Department of Thoracic Surgery, Sun Yat-Sen University Cancer Center, State Key Laboratory of Oncology in Southern China, Collaborative Innovation Center for Cancer Medicine, Guangzhou, Guangdong, People's Republic of China.
Lung Cancer Research Center, Sun Yat-Sen University, Guangzhou, Guangdong, People's Republic of China.
J Immunother Cancer. 2022 Sep;10(9). doi: 10.1136/jitc-2022-005160.
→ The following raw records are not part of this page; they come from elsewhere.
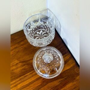 Vintage Pressed Cut Glass Sugar Bowl/Candy Dish w/ Lid Starburst Diamond Fan
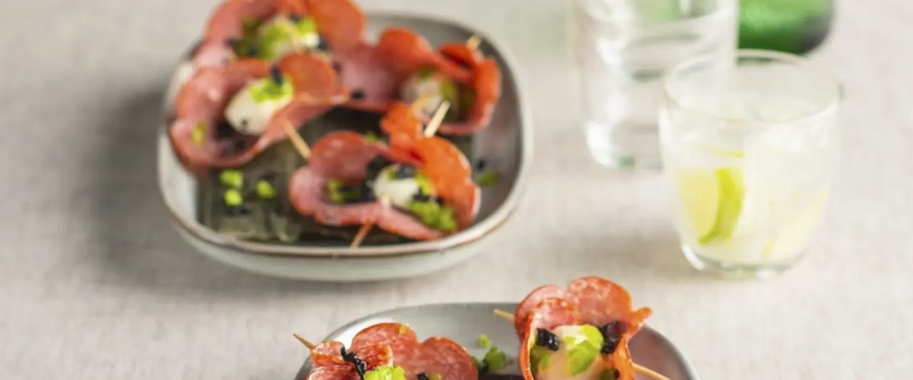 Een verfijnd hapje waarin frisheid en romigheid elkaar versterken. De zachte pepino en mozzarella krijgen pit van gemarineerde selder en een krokant accent van zwarte olijven. Ideaal als elegant aperitief voor klanten die verrast willen worden met iets anders.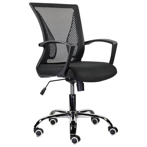 Кресло BRABIX 'Wings MG-304', пластик черный, хром, сетка, черное, 532016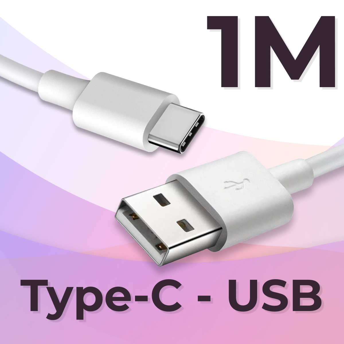 Кабель Type-C / USB для зарядки мобильных устройств / Длина 1 метр / Провод для телефона, планшета, наушников / Шнур с разъемом ЮСБ Тайп Си / Белый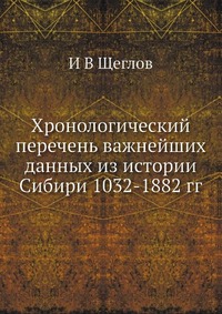 | Полное название книги | И. В. Щеглов Хронологический перечень важнейших данных из истории Сибири 1032-1882 гг |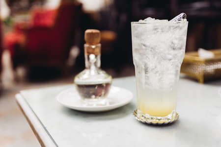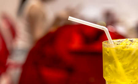 Ice chrysanthemum juice Chinese tradition soft drink on glass with white straw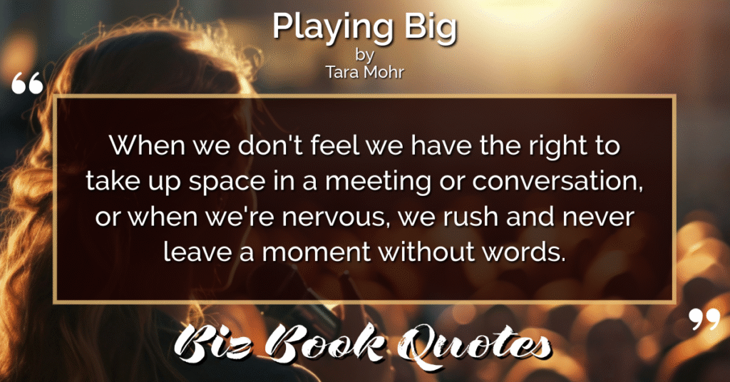 Quotes Quote: When we don’t feel we have the right to take up space in a meeting or conversation, or when we’re nervous, we rush and never leave a moment without words.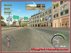 Glücklicherweise besitzt auch SRS eine Kartenfunktion, die man im Straßen Modus per Z-Taste aufrufen kann. Hier werden euch nun alle wichtigen Orte als farbige Punkte angezeigt, wobei jeder für Orte und die Art der Events steht. Der Vorteil der Karte ist nun das man jeden einzelnen Punkt per Hand anwählen kann und sofort dort startet, ohne das man langwierig hinfahren muß. Das ganze ist natürlich zeitsparender, hat aber den Nachteil das man den möglichen Nitro nie aufgeladen bekommt. Denn das geht nur wenn man ab und zu doch mal im normalen Straßen Modus hin und herdüst und ein paar der möglichen kleinen Stunts vollführt. Die Events die man in den 3 Locations vorfindet beinhalten Rennen gegen 3 Gegner in kleinen Meisterschaften, die sogenannten Crew Events. Dazu kommen Respekt Rennen in denen man den hübschen Mädels beweisen muß wer der Chef ist und enden in den Straßen Rennen, in denen um Geld und Girlies von einem Punkt A nach Punkt B gegen einen Gegner gefahren wird. Die wichtigsten Events sind aber die Crew Rennen. Nur hier erzielt man den Hauptteil der Respektpunkte und des erspielten Geldes. Je in 3 Rennen unterteil warten im Spiel 72 Rennen darauf in diesen Meisterschaften gespielt zu werden. Wählt man nun also den ersten von mehreren möglichen Crew Event an wird einem angezeigt ob man dafür zugelassen ist. Zum einen müßt Ihr in den meisten Fällen Startgeld vorweisen und eine bestimmte Respektpunktzahl haben um zugelassen zu werden. Bevor man eine Meisterschaft startet kann man hier aber eines der positiven Feature im Spiel finden - das Schadensmodell.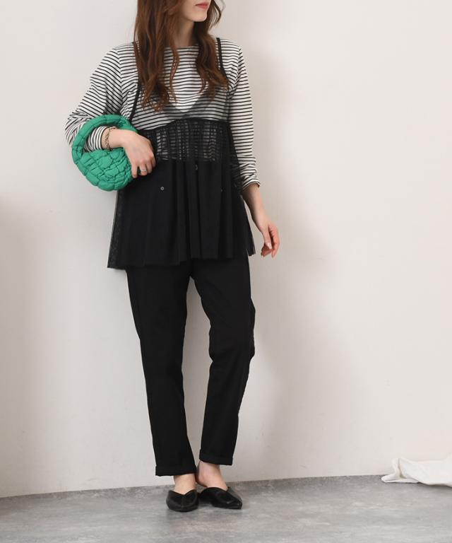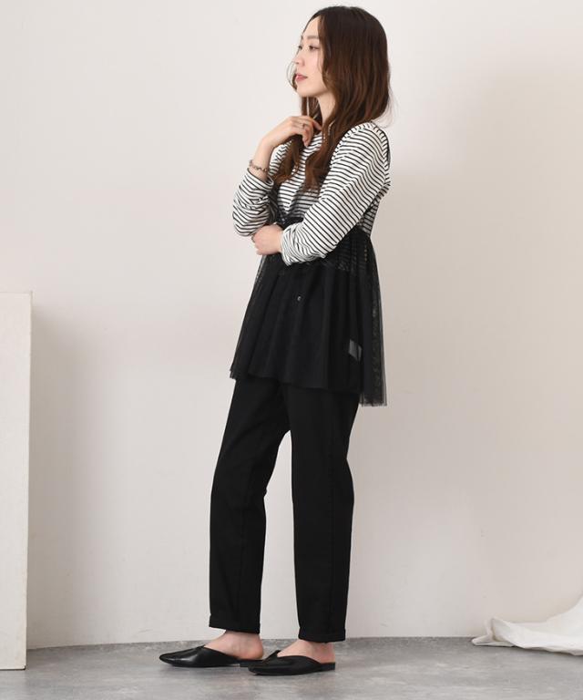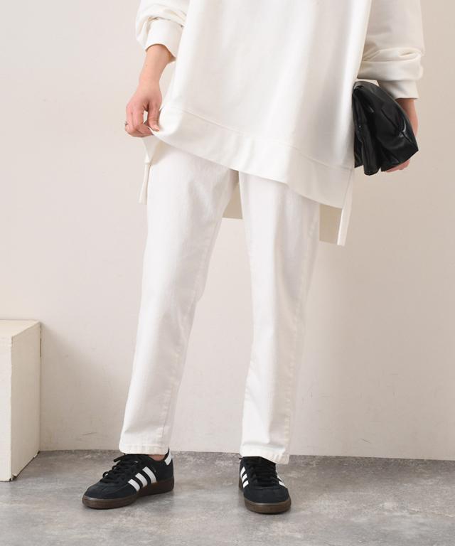 バックウエストゴム仕様でinコーデもスッキリ決まる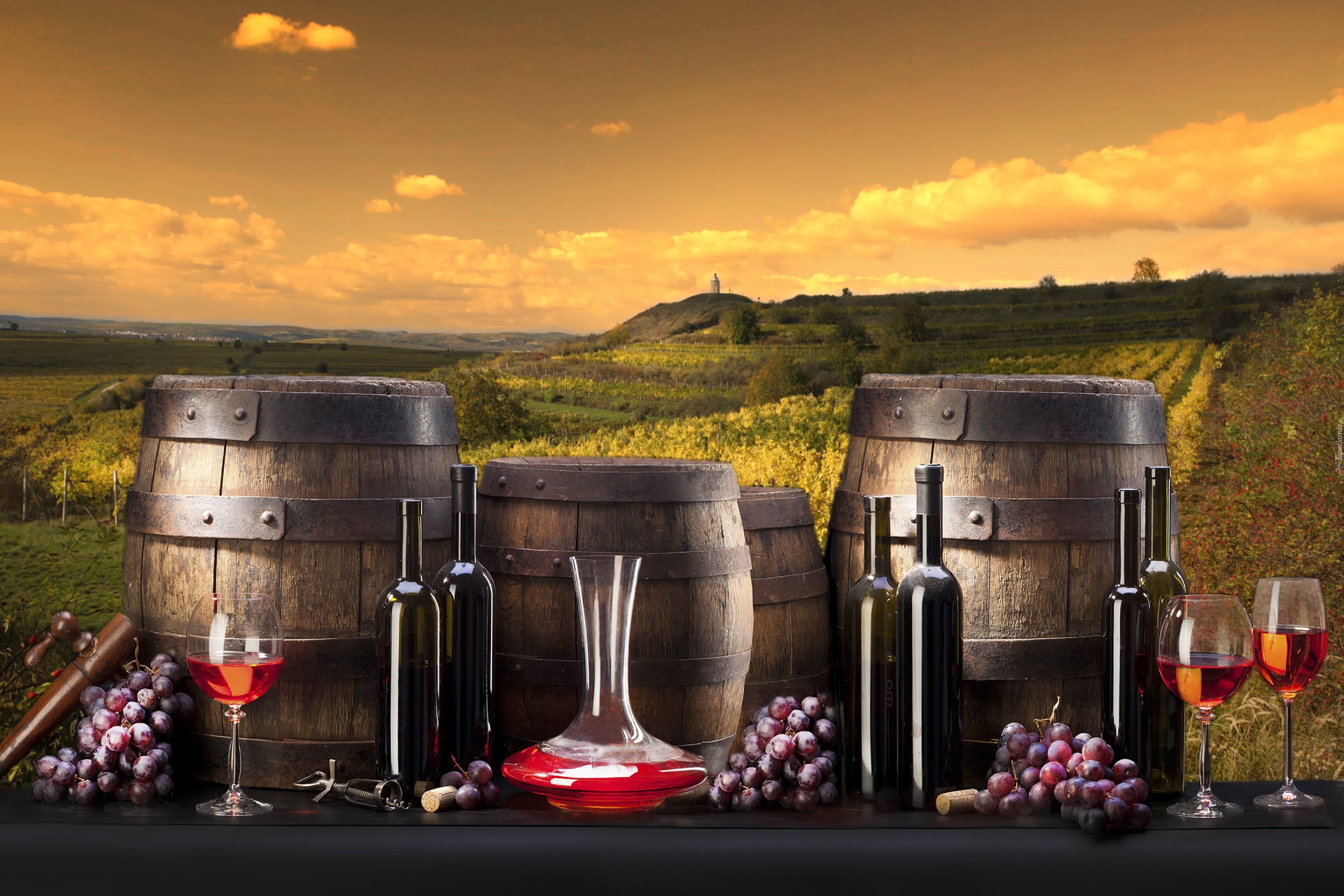 Edytor tapety: Wina, Winogrona, Kieliszki, Beczki, Winnica, Zachód Słońca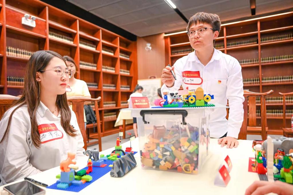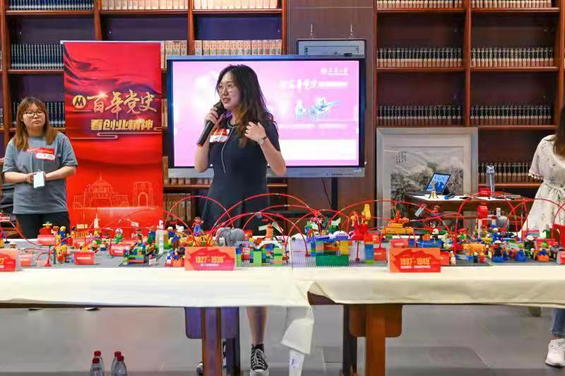 本站訊(記者劉曉艷 圖李天宇)面對一堆樂高零件,你能用它們搭建一座“你心中的黨員精神之塔”嗎?2021年6月19日下午,在天津大學圖書館日新書齋,30名大學生從這個問題開啟了一場奇妙的黨史學習之旅。在接下來將近4個小時的時間中,他們用樂高零件搭建起一個個場景:中共一大、國共第一次合作、南昌起義、長征、開國大典、改革開放、十九大……當所有的場景搭建完成,每位同學都會對自己所搭建的場景講一個生動的黨史故事,而最終所有的場景用紅色的“血脈”線連在一起,便鮮明地形成了共產黨人在百年征程中形成的精神譜系。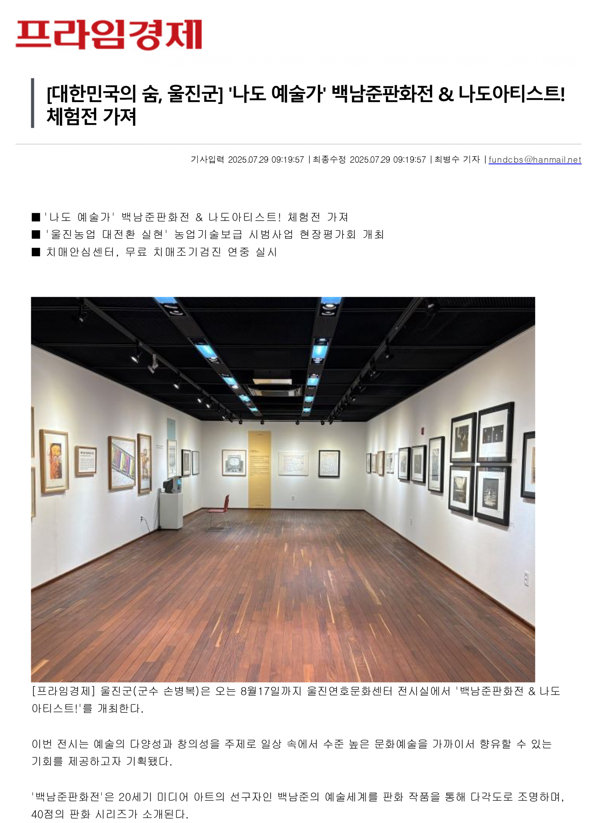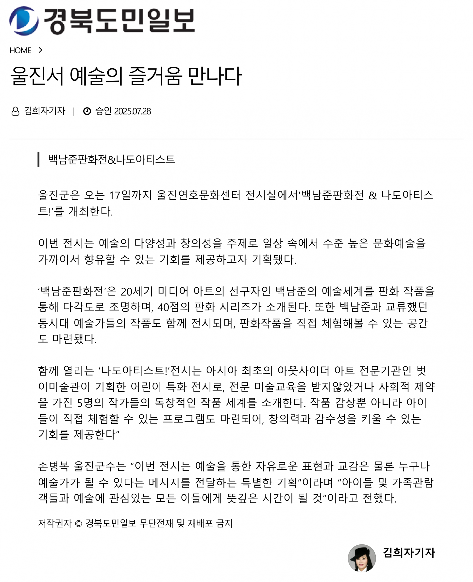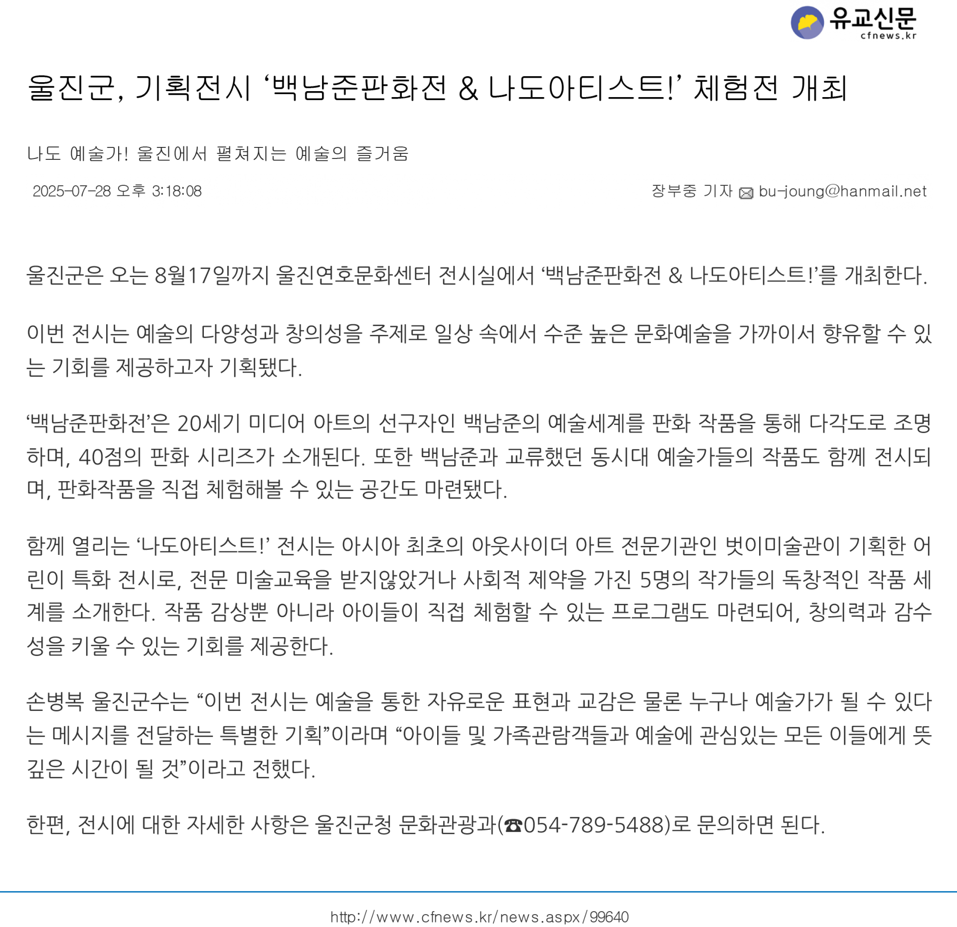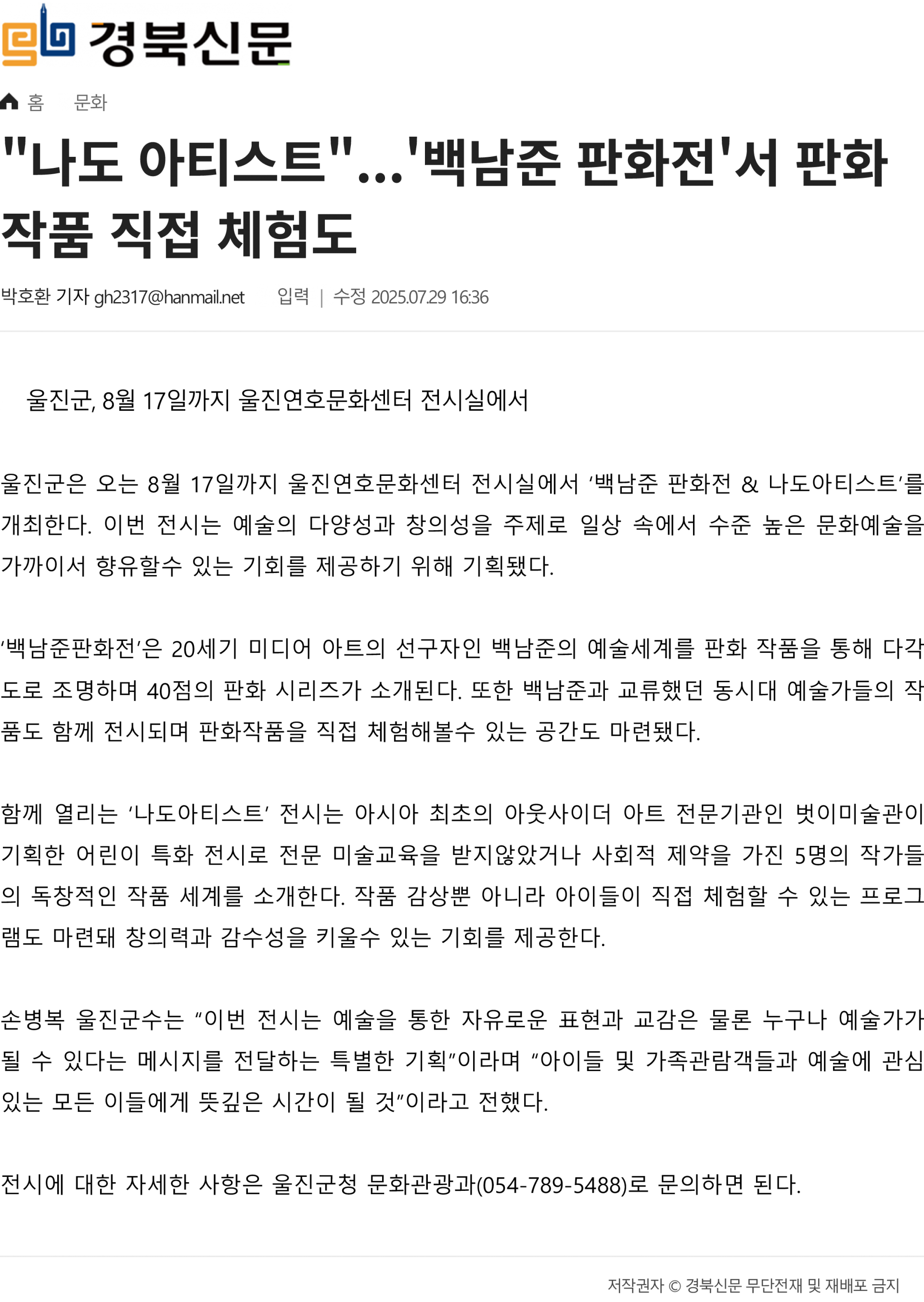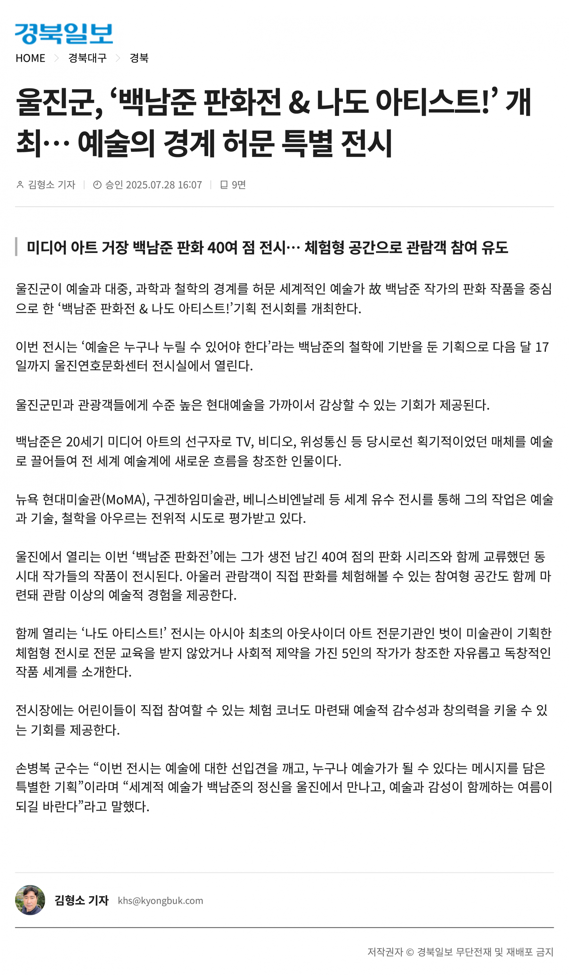 손병복 군수는 “이번 전시는 예술에 대한 선입견을 깨고, 누구나 예술가가 될 수 있다는 메시지를 담은 특별한 기획”이라며 “세계적 예술가 백남준의 정신을 울진에서 만나고, 예술과 감성이 함께하는 여름이 되길 바란다”라고 말했다.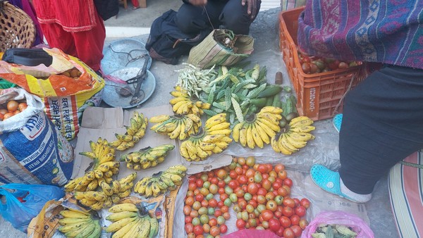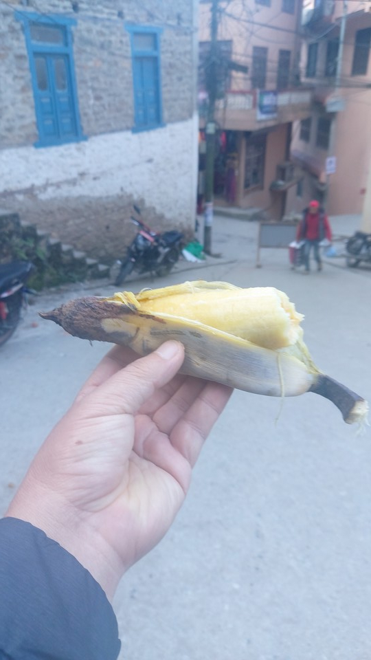 난전이 끝나는 지점에서 엄청 큰 바나나를 팔고 계신 분이 계셔서 하나 사서 먹어보았는데 엄청 맛있습니다. 네팔의 고유 바나나인데 시골장터에서나 맛 볼수있다고 합니다.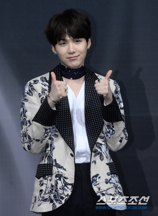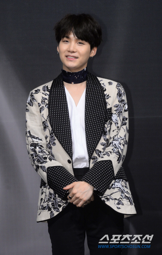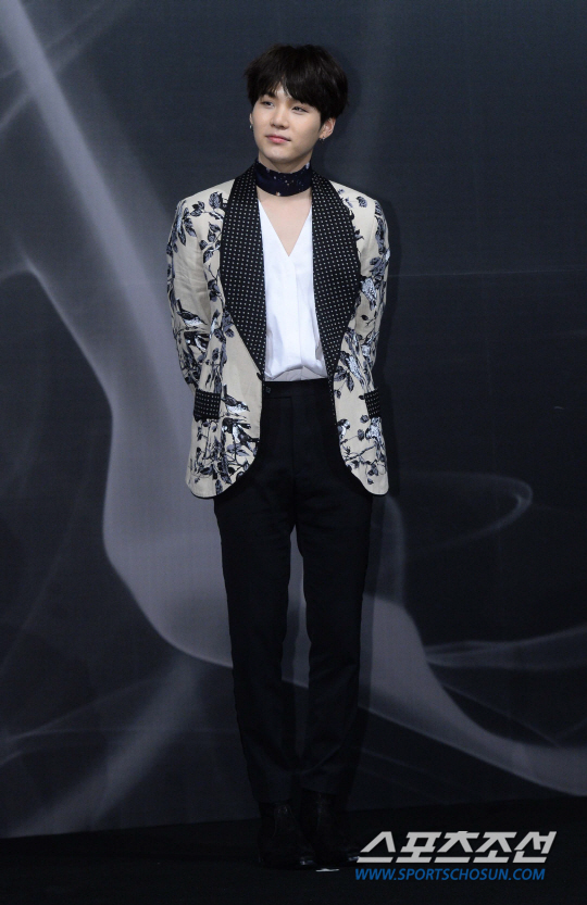슈가는 소프트 액세서리라고 불리는 스카프를 활용한 패션으로 눈길을 끌었다. 스카프를 활용한 패션은 슈가의 부드러운 느낌을 더욱 극대화하는 작용을 했다. 슈가는 화려하게 새와 나뭇잎 패턴이 그려진 재킷을 입었는데, 라펠과 소매, 주머니에만 블랙 도트 패턴으로 포인트가 들어가있어 유니크한 느낌을 자아냈다.

The good pathological response of primary tumors (PTs) to neoadjuvant immunotherapy has been acknowledged in non-small cell lung cancer (NSCLC), however, it remains unclear whether neoadjuvant immunotherapy shows consistent effects in metastatic lymph nodes (LNs). We compared the pathological response of PT and nodal downstaging using a pooled analysis to assess the effect of neoadjuvant immunotherapy on LNs. Original articles reporting the tumor major pathological response (ypT(MPR)), pathological complete response (ypT0) and nodal downstaging following neoadjuvant immunotherapy in NSCLC were retrieved. The OR and 95% CI were calculated by Review Manager V.5.3. Subgroup analysis was performed according to the neoadjuvant therapy regimen used. A total of 209 patients from 6 studies were included in this analysis. The frequency of nodal downstaging was comparable to that of ypT(MPR) (OR 1.31; 95% CI 0.84 to 2.05; p=0.24). Interestingly, ypN0 was observed more frequently than ypT0 (OR 3.26; 95% CI 2.06 to 5.16; p<0.0001). However, this difference was not observed in the subgroup of cN2 patients who underwent immune checkpoint inhibitor monotherapy (OR 1.58; 95% CI 0.56 to 4.48; p=0.39). Neoadjuvant immunotherapy results in satisfactory response in metastatic LN. Patients had a high probability of node clearance when ypT0 was confirmed, especially in patients treated with immunochemotherapy.
原发肿瘤(PTs)对新辅助免疫治疗的良好病理反应已在非小细胞肺癌(NSCLC)中得到认可,然而,新辅助免疫治疗在转移性淋巴结(LNs)中是否具有一致的效果尚不清楚。我们通过汇总分析比较了 PT 和淋巴结降期的病理反应,以评估新辅助免疫治疗对 LNs 的影响。检索了报告 NSCLC 新辅助免疫治疗后肿瘤主要病理缓解(ypT(MPR))、病理完全缓解(ypT0)和淋巴结降期的原始文章。使用 Review Manager V.5.3 计算 OR 和 95%CI。根据新辅助治疗方案进行亚组分析。这项分析共纳入了 6 项研究的 209 名患者。淋巴结降期的频率与 ypT(MPR)相当(OR 1.31;95%CI 0.84 至 2.05;p=0.24)。有趣的是,ypN0 的发生率高于 ypT0(OR 3.26;95%CI 2.06 至 5.16;p<0.0001)。然而,在接受免疫检查点抑制剂单药治疗的 cN2 患者亚组中未观察到这种差异(OR 1.58;95%CI 0.56 至 4.48;p=0.39)。新辅助免疫治疗可使转移性 LN 获得满意的缓解。当确认 ypT0 时,患者淋巴结清除的可能性很高,尤其是在接受免疫化疗的患者中。